The article of Women, likewise, contributes largely to the loss of our
Seamen. When they are on shore, they often, from their known,
thoughtless imprudence, involve themselves, on this account, in quarrels
with the Natives, and, if not killed upon the spot, are frequently
poisoned. On ship-board, they may be restrained, and in some ships they
are; but such restraint is far from being general. It depends much upon
the disposition, and attention, of the Captain. When I was in the trade,
I knew several commanders of African ships, who were prudent,
respectable men, and who maintained a proper discipline and regularity
in their vessels; but there were too many of a different character. In
some ships, perhaps in the most, the license allowed, in this
particular, was almost unlimited. Moral turpitude was seldom considered,
but they who took care to do the ship’s business, might, in other
respects, do what they pleased. These excesses, if they do not induce
fevers, at least, render the constitution less able to support them; and
lewdness, too frequently, terminates in death.

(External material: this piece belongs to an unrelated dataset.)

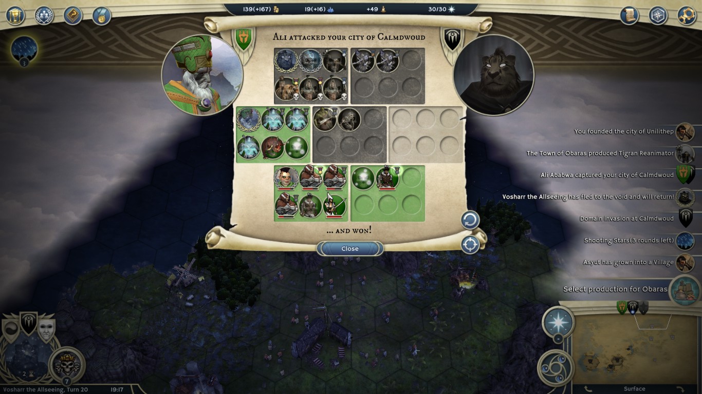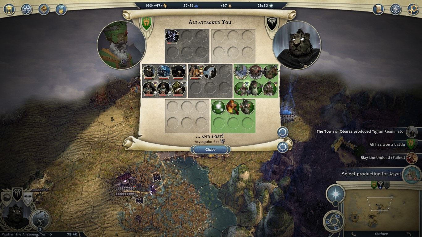 Since his main army seemed to be out of the way I advanced on his cities. I took two of them. I should have just tried to raze both, maybe then I could have done some lasting damage. As it turned out, he had a bigger army still, which, with his leader back from the void, he defeated mine. I also have to note that again I didn't know when to run. Or.. I knew but I still didn't, and took my chances.

The risk of insurrections is to be added. These, I believe, are always
meditated; for the Men Slaves are not, easily, reconciled to their
confinement, and treatment; and if attempted, they are seldom suppressed
without considerable loss; and sometimes they succeed, to the
destruction of a whole ship’s company at once. Seldom a year passes, but
we hear of one or more such catastrophes: and we likewise hear,
sometimes, of Whites and Blacks involved, in one moment, in one common
ruin, by the gunpowder taking fire, and blowing up the ship.

How far the several causes, I have enumerated, may respectively operate,
I cannot say: the fact however is sure, that a great number of our
Seamen perish in the Slave Trade. Few ships, comparatively, are either
blown up, or totally cut off, but some are. Of the rest, I have known
some that have lost half their people, and some a larger proportion. I
am far from saying, that it is always, or even often, thus; but, I
believe, I shall state the matter sufficiently low, if I suppose, that,
at least, one fifth part of those who go from England to the Coast of
Africa, in ships which trade for Slaves, never return from thence. I
dare not depend, too much, upon my memory, as to the number of ships,
and men, employed in the Slave Trade more than thirty years ago; nor do
I know what has been the state of the trade since; therefore I shall not
attempt to make calculations. But, as I cannot but form some opinion
upon the subject, I judge it probable, that the collective sum of
Seamen, who go, from all our ports, to Africa, within the course of a
year, (taking Guinea in the extensive sense, from Goree or Gambia, and
including the coast of Angola,) cannot be less than eight thousand; and
if, upon an average of ships and seasons, a fifth part of these die, the
annual loss is fifteen hundred. I believe those, who have taken pains to
make more exact enquiries, will deem my supposition to be very moderate.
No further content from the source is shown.